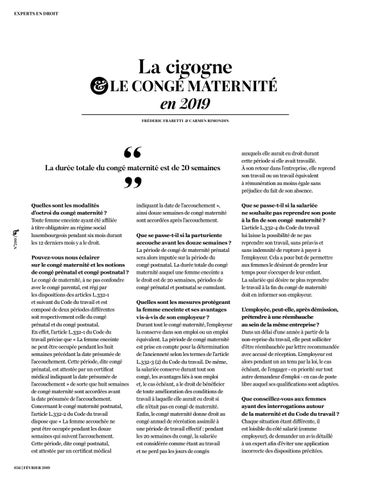 auxquels elle aurait eu droit durant cette période si elle avait travaillé. À son retour dans l’entreprise, elle reprend son travail ou un travail équivalent à rémunération au moins égale sans préjudice du fait de son absence. Que se passe-t-il si la salariée ne souhaite pas reprendre son poste à la fin de son congé maternité ? L’article L.332-4 du Code du travail lui laisse la possibilité de ne pas reprendre son travail, sans préavis et sans indemnité de rupture à payer à l’employeur. Cela a pour but de permettre aux femmes le désirant de prendre leur temps pour s’occuper de leur enfant. La salariée qui désire ne plus reprendre le travail à la fin du congé de maternité doit en informer son employeur. L’employée, peut-elle, après démission, prétendre à une réembauche au sein de la même entreprise ? Dans un délai d’une année à partir de la non-reprise du travail, elle peut solliciter d’être réembauchée par lettre recommandée avec accusé de réception. L’employeur est alors pendant un an tenu par la loi, le cas échéant, de l’engager - en priorité sur tout autre demandeur d’emploi - en cas de poste libre auquel ses qualifications sont adaptées. Que conseillez-vous aux femmes ayant des interrogations autour de la maternité et du Code du travail ? Chaque situation étant différente, il est loisible du côté salarié (comme employeur), de demander un avis détaillé à un expert afin d’éviter une application incorrecte des dispositions précitées.
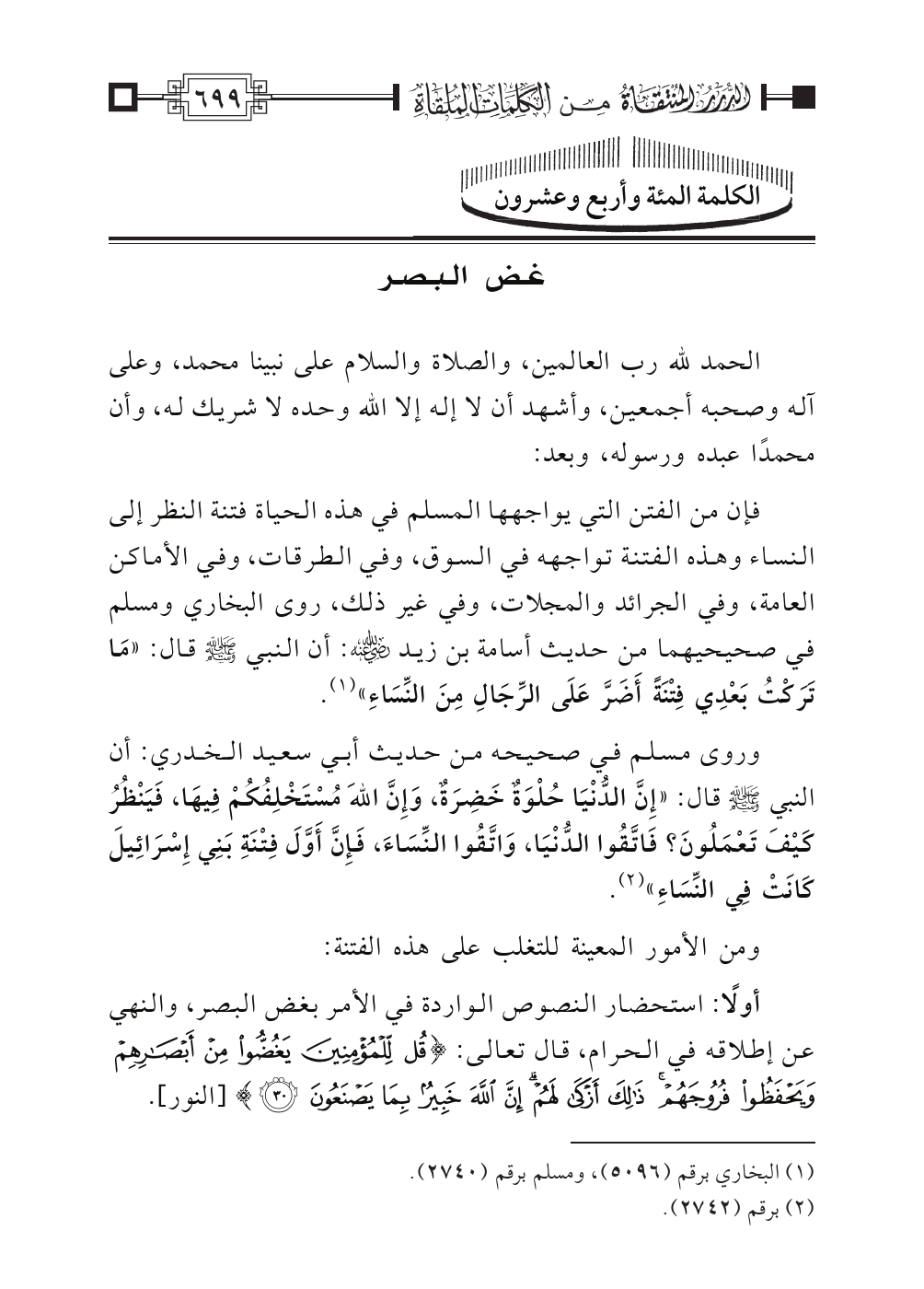 الكلمة المئة وأربع وعشرون: غض البصر
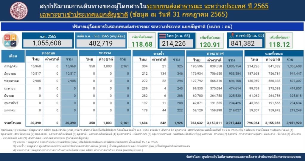 3. ทางราง มีปริมาณผู้โดยสาร ก.ค. 2565 รวม 4,609 คน เมื่อพิจารณาสัดส่วนการเดินทางขาเข้าและขาออกประเทศพบว่า มีปริมาณการเดินทางขาเข้า 2,161 คน คิดเป็น 47% และมีปริมาณการเดินทางขาออก 2,448 คน คิดเป็น 53% โดยขณะนี้ การเดินทางในระบบราง ได้มีการเปิดเดินรถไฟกับประเทศเพื่อนบ้านเพิ่มขึ้น เช่น รถไฟเชื่อมต่อกับสปป.ลาว เพื่อให้สามารถรองรับการเดินทางระหว่างประเทศได้เพิ่มมากขึ้น
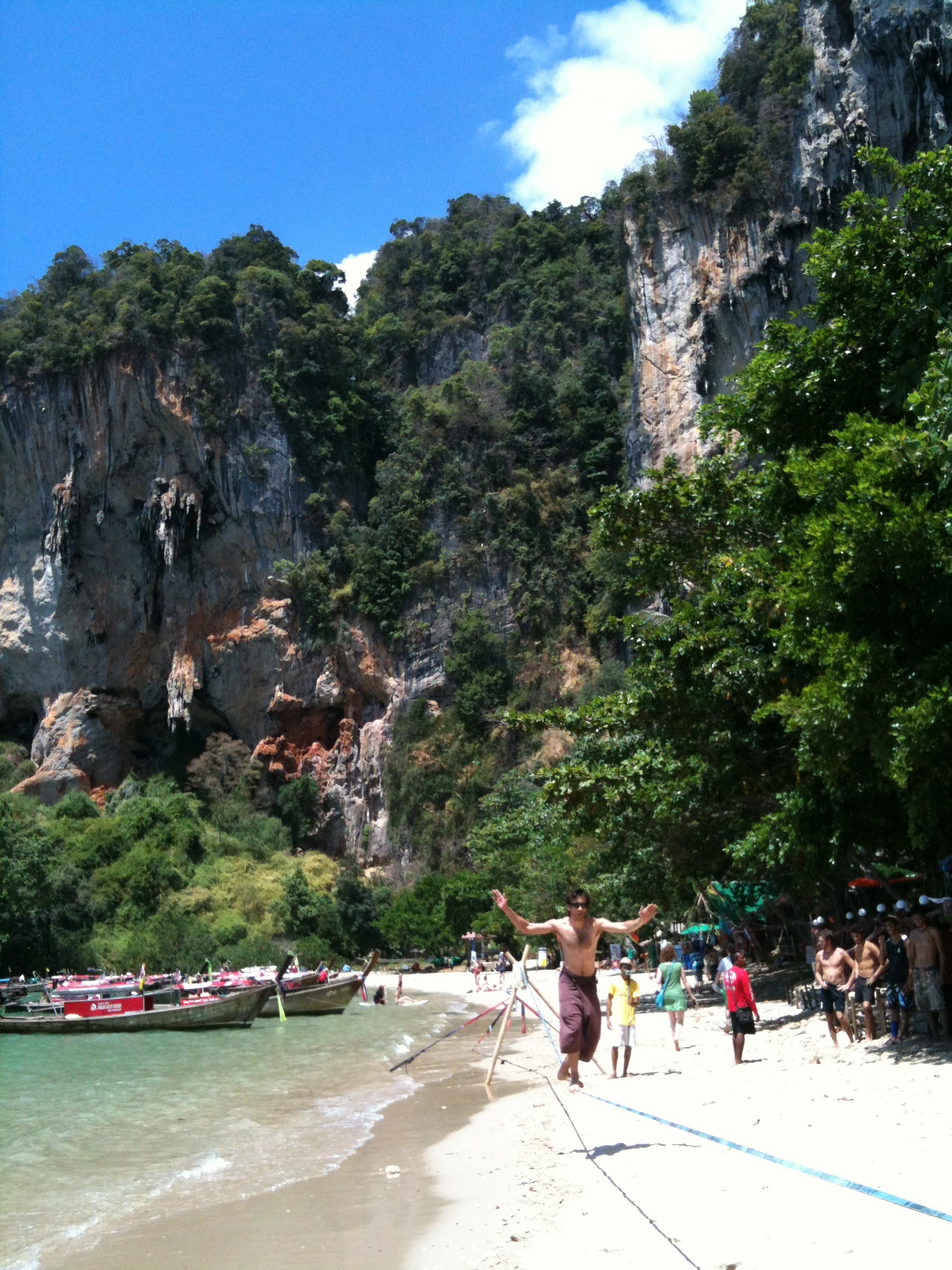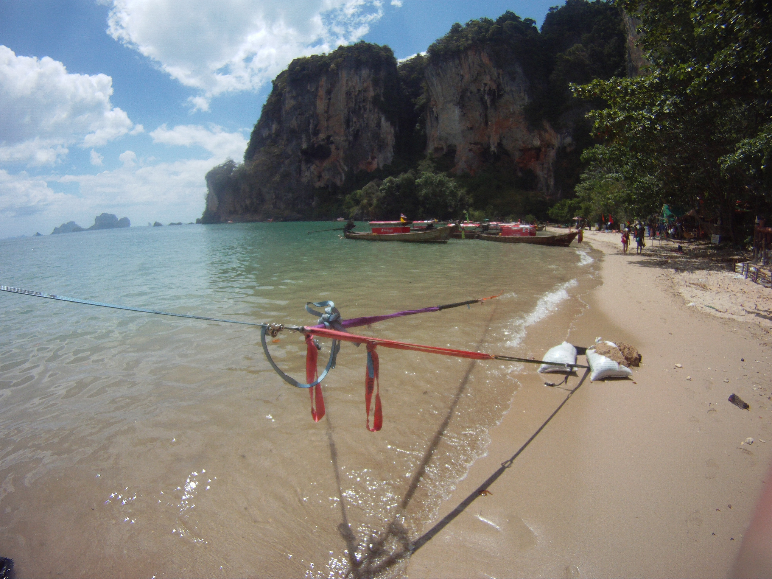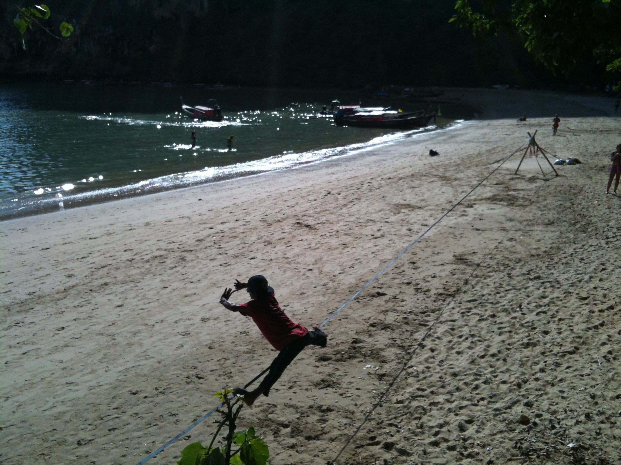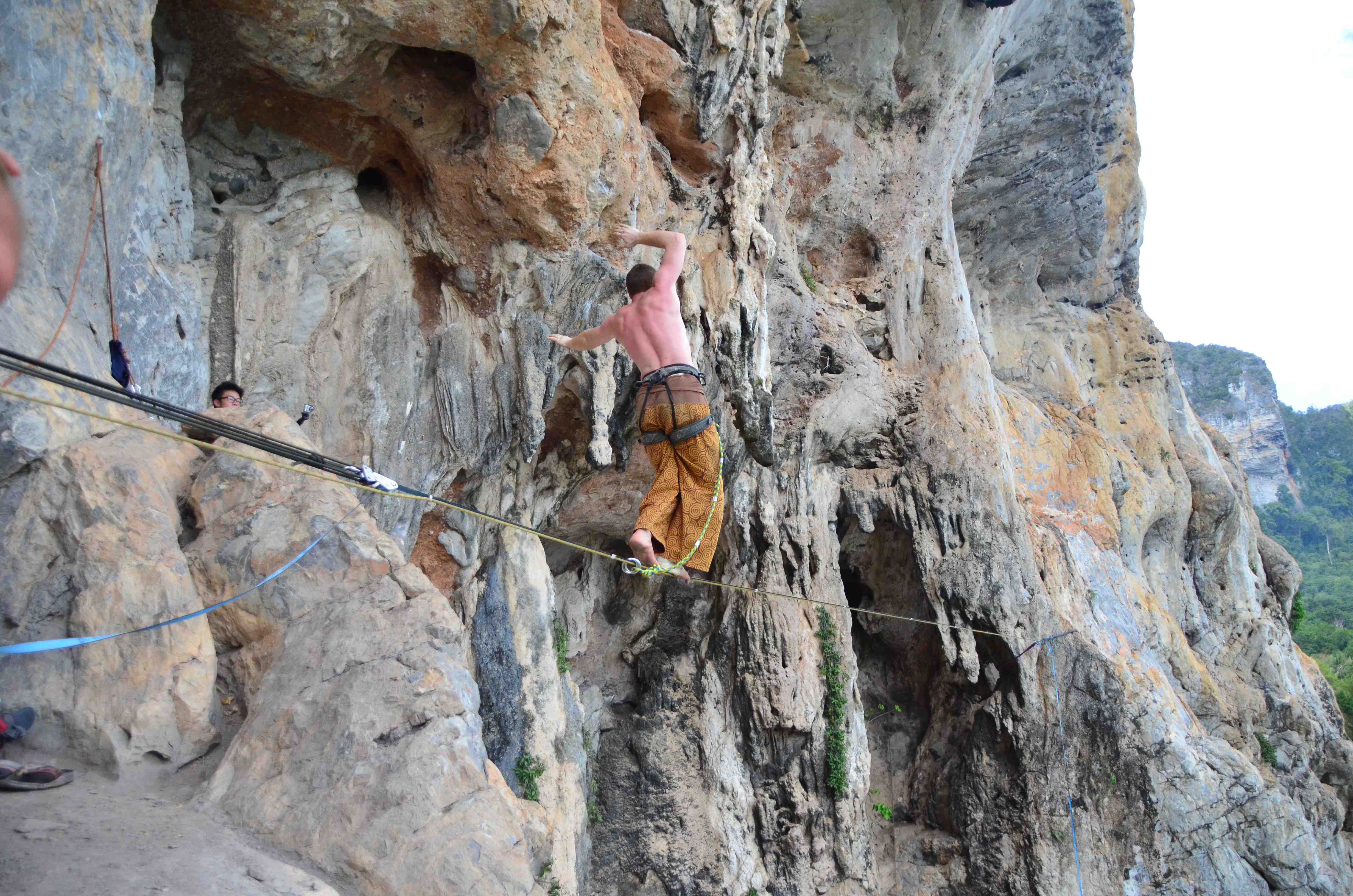 So Kelly, Fal and I landed in sunny peninsular Tonsai and the adventures starts since the first hour we stepped in, we began with slacklining in the bars with the locals and found this dude Maxi. He is high on Bong all the time and when he talks to you, he doesn’t look at you in the eye but you can’t ignore his enthusiasm. Turns out to be, he is a badass slackliner and a great Elephant supporter since every slackliner who visit will leave him something, his gears are almost as comprehensive as mine. (I left him my line lockers, slings and Elephant T-shirt)
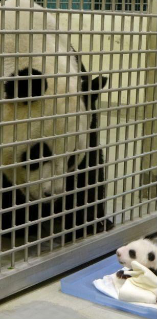 此時,“圓仔”彷佛知道媽媽就在面前,雖然眼睛還未睜開,卻突然開始哇哇大叫,聽到了“圓仔”的叫聲,“圓圓”也邊扒著鐵欄桿邊低鳴吼叫,不時伸出溫柔的舌頭舔拭“圓仔”,在場的保育員驚呼,“從來沒有聽圓圓這樣叫過”,這是母愛的流露。(中國臺灣網(wǎng) 李帥)
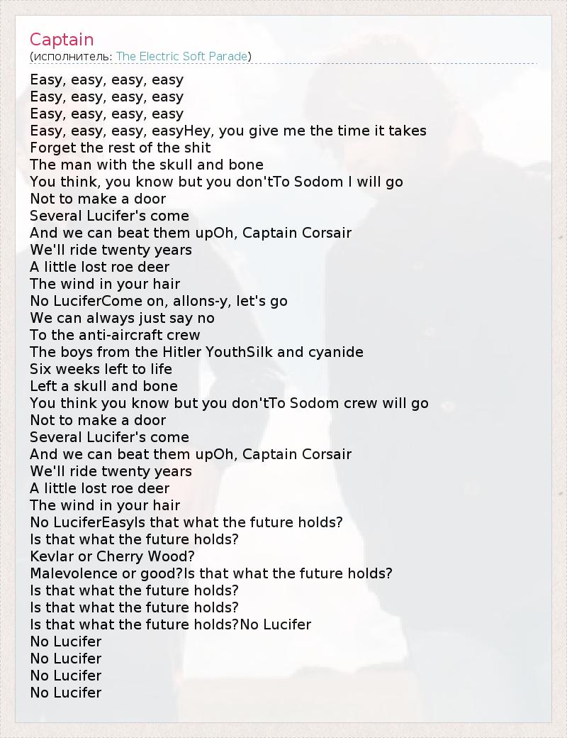 Easy, easy, easy, easy Easy, easy, easy, easy Easy, easy, easy, easy Easy, easy, easy, easyHey, you give me the time it takes Forget the rest of the shit The man with the skull and bone You think, you know but you don'tTo Sodom I will go Not to make a door Several Lucifer's come And we can beat them upOh, Captain Corsair We'll ride twenty years A little lost roe deer The wind in your hair No LuciferCome on, allons-y, let's go We can always just say no To the anti-aircraft crew The boys from the Hitler YouthSilk and cyanide Six weeks left to life Left a skull and bone You think you know but you don'tTo Sodom crew will go Not to make a door Several Lucifer's come And we can beat them upOh, Captain Corsair We'll ride twenty years A little lost roe deer The wind in your hair No LuciferEasyIs that what the future holds? Is that what the future holds? Kevlar or Cherry Wood? Malevolence or good?Is that what the future holds? Is that what the future holds? Is that what the future holds? Is that what the future holds?No Lucifer No Lucifer No Lucifer No Lucifer No Lucifer
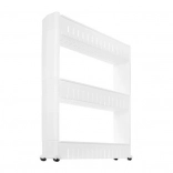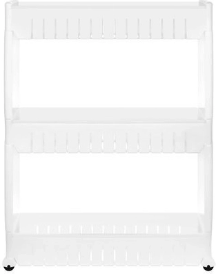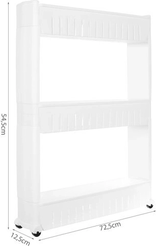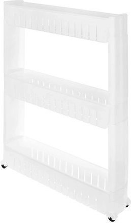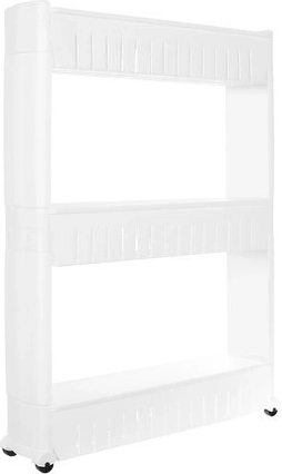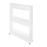 Cette étagère mobile de cuisine sur roulettes est parfaite pour utiliser les espaces étroits entre les armoires. Fabriquée en plastique résistant, elle comprend trois étagères profondes pour organiser vos objets nécessaires.
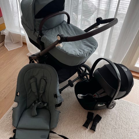 Cybex yhdistelmävaunut, joissa on erillinen vaunukoppa vauvalle ja istuinosa isommalle lapselle. Vaunukoppa on musta ja istuinosa harmaa. Pieniä käytönjälkiä jotka näkyy kuvissa. Istuinosan saa säädettyä useaan asentoon. Talvirenkaat kuuluu hintaan, ne saa vaihdettua pienten etupyörien tilalle. Hyvin pääsee silti liikkumaan erilaisissa maastoissa pienten pyörienkin kanssa.
********
What is needed: Omit every picture while copying the listing above exactly.

Exercise response:
 auxquels elle aurait eu droit durant cette période si elle avait travaillé. À son retour dans l’entreprise, elle reprend son travail ou un travail équivalent à rémunération au moins égale sans préjudice du fait de son absence. Que se passe-t-il si la salariée ne souhaite pas reprendre son poste à la fin de son congé maternité ? L’article L.332-4 du Code du travail lui laisse la possibilité de ne pas reprendre son travail, sans préavis et sans indemnité de rupture à payer à l’employeur. Cela a pour but de permettre aux femmes le désirant de prendre leur temps pour s’occuper de leur enfant. La salariée qui désire ne plus reprendre le travail à la fin du congé de maternité doit en informer son employeur. L’employée, peut-elle, après démission, prétendre à une réembauche au sein de la même entreprise ? Dans un délai d’une année à partir de la non-reprise du travail, elle peut solliciter d’être réembauchée par lettre recommandée avec accusé de réception. L’employeur est alors pendant un an tenu par la loi, le cas échéant, de l’engager - en priorité sur tout autre demandeur d’emploi - en cas de poste libre auquel ses qualifications sont adaptées. Que conseillez-vous aux femmes ayant des interrogations autour de la maternité et du Code du travail ? Chaque situation étant différente, il est loisible du côté salarié (comme employeur), de demander un avis détaillé à un expert afin d’éviter une application incorrecte des dispositions précitées.
 الكلمة المئة وأربع وعشرون: غض البصر
 3. ทางราง มีปริมาณผู้โดยสาร ก.ค. 2565 รวม 4,609 คน เมื่อพิจารณาสัดส่วนการเดินทางขาเข้าและขาออกประเทศพบว่า มีปริมาณการเดินทางขาเข้า 2,161 คน คิดเป็น 47% และมีปริมาณการเดินทางขาออก 2,448 คน คิดเป็น 53% โดยขณะนี้ การเดินทางในระบบราง ได้มีการเปิดเดินรถไฟกับประเทศเพื่อนบ้านเพิ่มขึ้น เช่น รถไฟเชื่อมต่อกับสปป.ลาว เพื่อให้สามารถรองรับการเดินทางระหว่างประเทศได้เพิ่มมากขึ้น
 So Kelly, Fal and I landed in sunny peninsular Tonsai and the adventures starts since the first hour we stepped in, we began with slacklining in the bars with the locals and found this dude Maxi. He is high on Bong all the time and when he talks to you, he doesn’t look at you in the eye but you can’t ignore his enthusiasm. Turns out to be, he is a badass slackliner and a great Elephant supporter since every slackliner who visit will leave him something, his gears are almost as comprehensive as mine. (I left him my line lockers, slings and Elephant T-shirt)
 此時,“圓仔”彷佛知道媽媽就在面前,雖然眼睛還未睜開,卻突然開始哇哇大叫,聽到了“圓仔”的叫聲,“圓圓”也邊扒著鐵欄桿邊低鳴吼叫,不時伸出溫柔的舌頭舔拭“圓仔”,在場的保育員驚呼,“從來沒有聽圓圓這樣叫過”,這是母愛的流露。(中國臺灣網(wǎng) 李帥)
 Easy, easy, easy, easy Easy, easy, easy, easy Easy, easy, easy, easy Easy, easy, easy, easyHey, you give me the time it takes Forget the rest of the shit The man with the skull and bone You think, you know but you don'tTo Sodom I will go Not to make a door Several Lucifer's come And we can beat them upOh, Captain Corsair We'll ride twenty years A little lost roe deer The wind in your hair No LuciferCome on, allons-y, let's go We can always just say no To the anti-aircraft crew The boys from the Hitler YouthSilk and cyanide Six weeks left to life Left a skull and bone You think you know but you don'tTo Sodom crew will go Not to make a door Several Lucifer's come And we can beat them upOh, Captain Corsair We'll ride twenty years A little lost roe deer The wind in your hair No LuciferEasyIs that what the future holds? Is that what the future holds? Kevlar or Cherry Wood? Malevolence or good?Is that what the future holds? Is that what the future holds? Is that what the future holds? Is that what the future holds?No Lucifer No Lucifer No Lucifer No Lucifer No Lucifer
 Cette étagère mobile de cuisine sur roulettes est parfaite pour utiliser les espaces étroits entre les armoires. Fabriquée en plastique résistant, elle comprend trois étagères profondes pour organiser vos objets nécessaires.
 Cybex yhdistelmävaunut, joissa on erillinen vaunukoppa vauvalle ja istuinosa isommalle lapselle. Vaunukoppa on musta ja istuinosa harmaa. Pieniä käytönjälkiä jotka näkyy kuvissa. Istuinosan saa säädettyä useaan asentoon. Talvirenkaat kuuluu hintaan, ne saa vaihdettua pienten etupyörien tilalle. Hyvin pääsee silti liikkumaan erilaisissa maastoissa pienten pyörienkin kanssa.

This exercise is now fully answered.